Spanish Broom

We inherited a big rangy looking rounded shrub in the back yard when we moved in. In fact, there were several, apparently lots of seedlings from the main plant had spread about. We took all of them out, but left the one big parent plant.


It's Spanish Broom, Spartium junceum. It stayed evergreen all winter. It's upright, coarse looking, and  the foliage is thin, stiff, and needle-like.


Now, in late April, Spanish Broom is flowering. It has pea-like yellow flowers all over the thin stalks of foliage. It's hard to photograph -- the leaves are so narrow and the flowers are tiny.


And boy, is it fragrant. It's a heavy smell, very spicy, sometimes musky and unpleasant, but mostly just strongly sweet and noticeably perfumed.

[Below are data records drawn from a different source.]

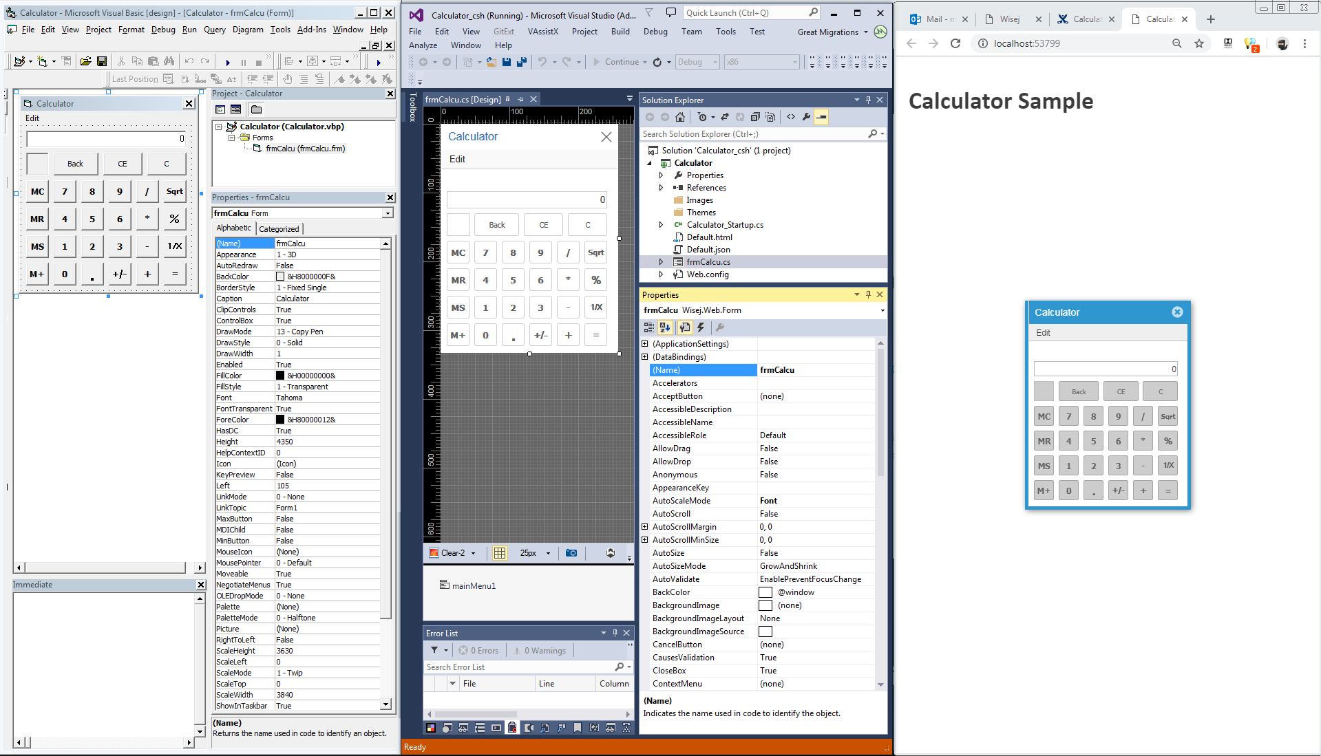 - Middle: Calculator Form in Wisej designer in Visual Studio
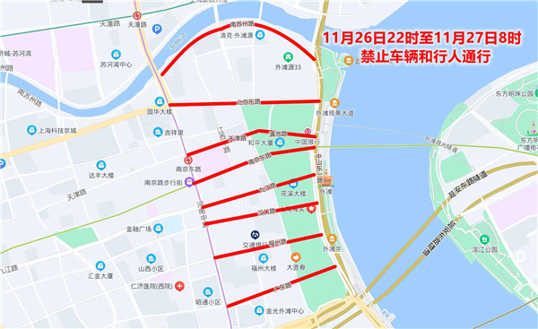 三、11月26日22时至11月27日8时,南苏州路双向(中山东一路—河南中路)、北京东路双向(中山东一路—河南中路)、滇池路双向(中山东一路—江西中路)、天津路(江西中路—河南中路)、南京东路(中山东一路—河南中路)、九江路(中山东一路—河南中路)、汉口路(中山东一路—河南中路)、广东路(中山东一路—河南中路)、福州路(中山东一路—河南中路)禁止车辆和行人通行。
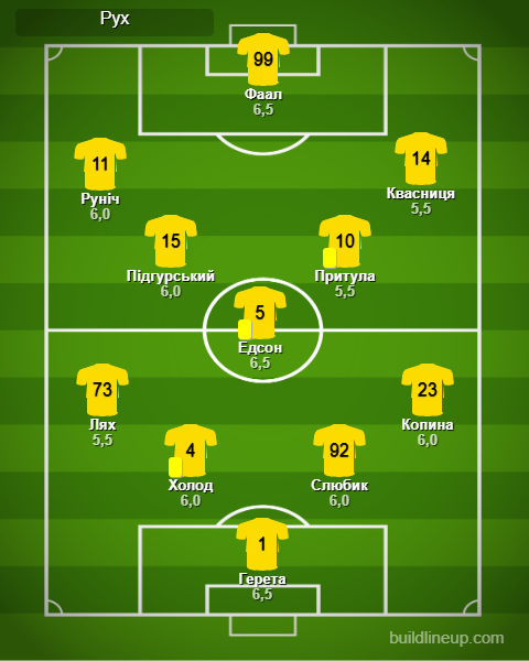 «Рух»: Герета – Лях, Холод, Слюбик, Копина – Едсон Фернандо – Руніч (Алмазбеков, 76), Підгурський (Слюсар, 59), Притула (Сапуга, 59), Квасниця (Клайвер, 59) – Фаал
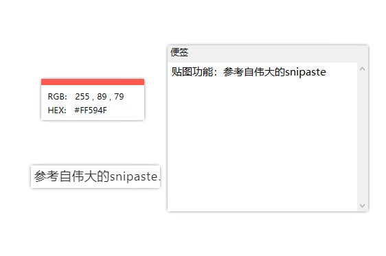 参考自伟大的snipaste。贴图、取色、文本便签、可以编辑。没有snipaste的强大功能,就是简单贴个图片。
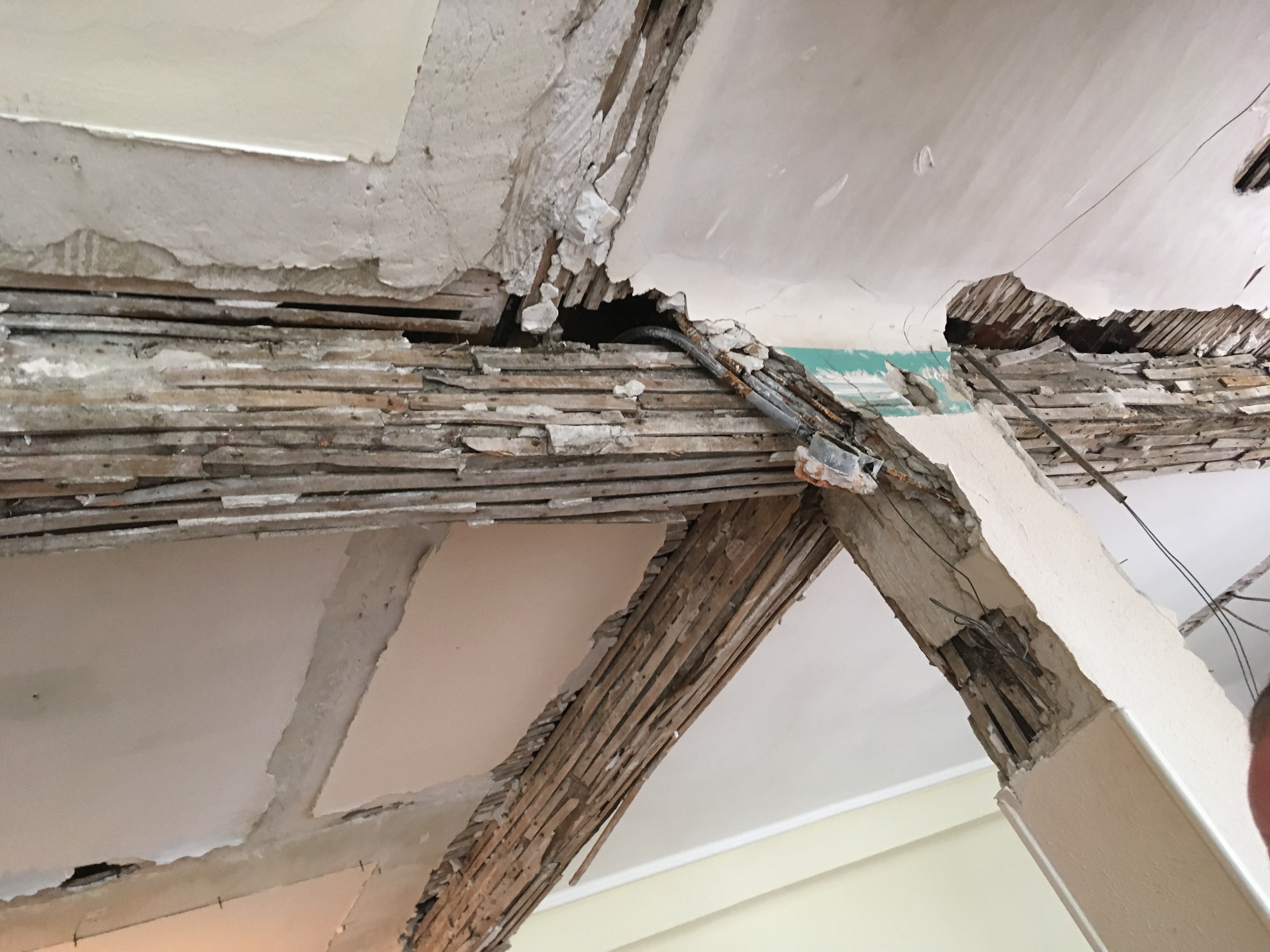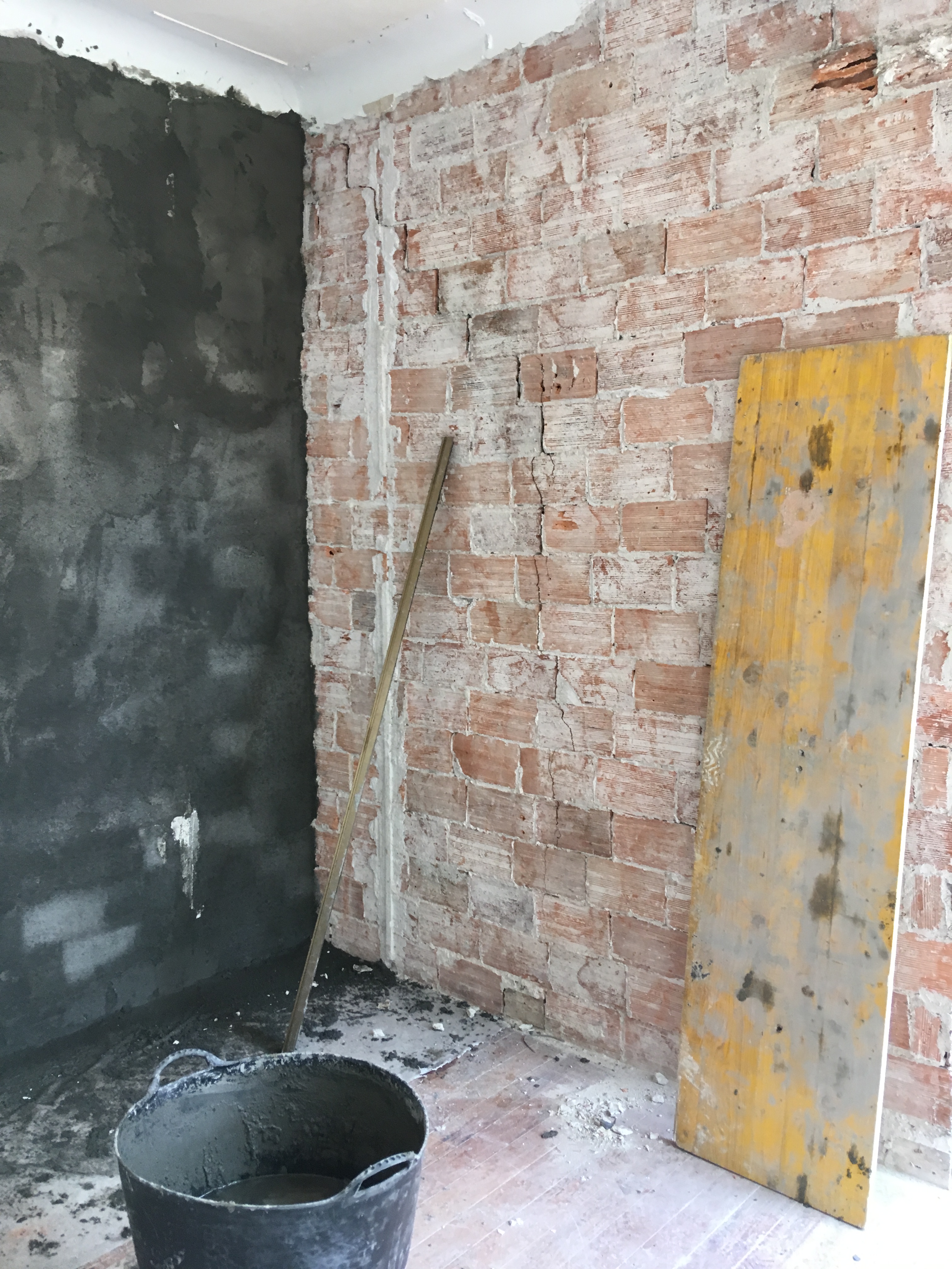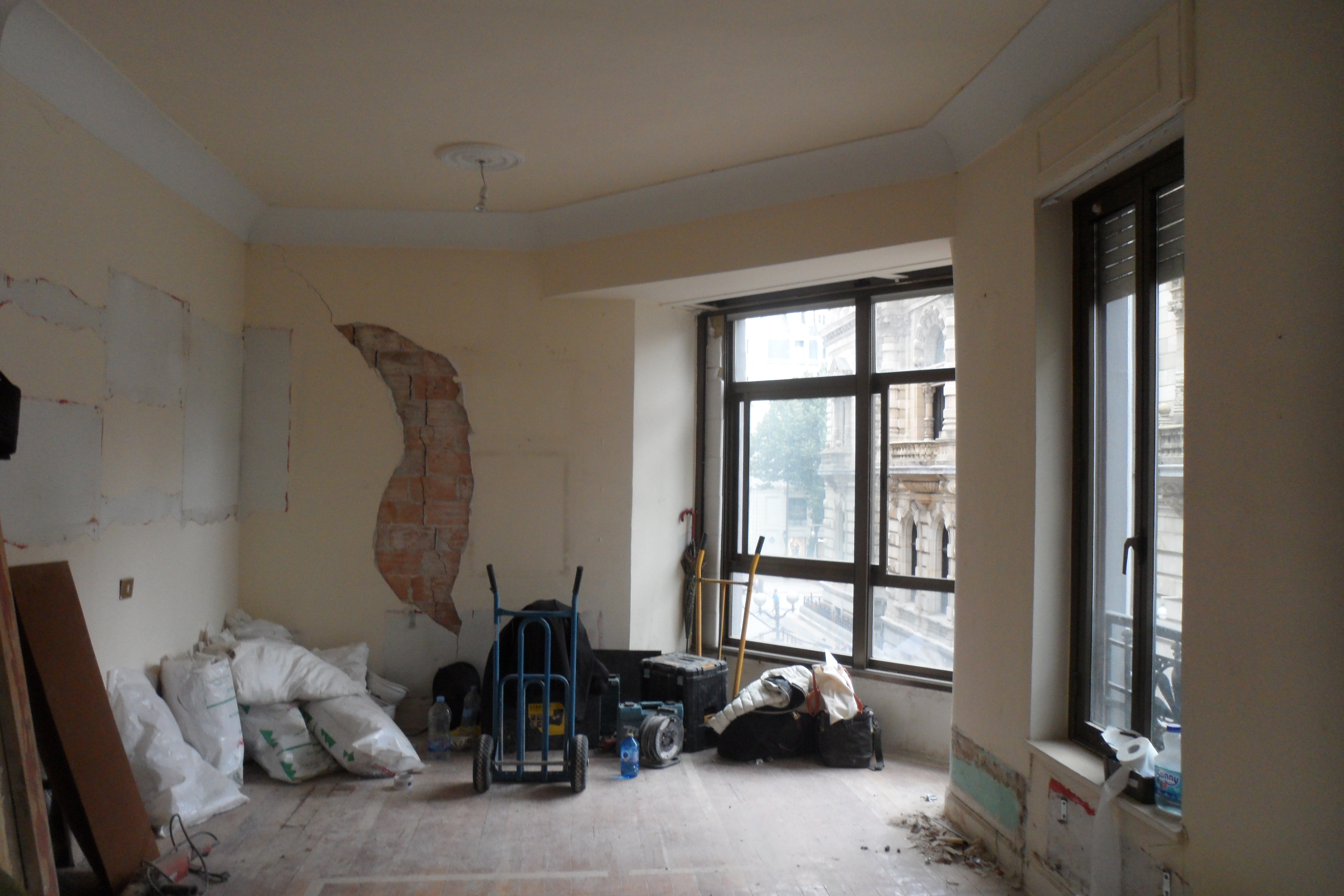 Pero aquí no terminaron las dificultades, como tenia una estructura de madera y parece que la cercanía de la boca del metro le pudo afectar cuando se ejecuto, después de obtener la licencia, nos dispusimos a efectuar las demoliciones y las sorpresas no dejaron de aparecer, grietas, fisuras, tabiques que se caían encima del de los vecinos, las ventanas que estaban colgando y que presentaban un peligro a la hora de sustituirse, etc. Vamos, un lio….

The flowers are either butter-and-sugar white with pale yellow, or strongly golden yellow. I can't tell if they are different colors as they mature -- starting out one color and then turning another -- or if the plant really has two different flower colors at once.

Half the shrub has these pretty cream colored blooms . . .


 . . . . and half the shrub sports sunny golden yellow blooms, all at the same time.


For such a rough looking plant, it has delicate flowers. It's a tough one -- it grows in adverse, dry, lean soil conditions and is great for erosion control. It's invasive in California.


Most sources say it's cold hardy to zone 8 or zone 7 -- which is odd, since Santa Fe is colder than that in most winters, but here it is, happy, thriving, setting many seedlings  and now blooming fragrantly.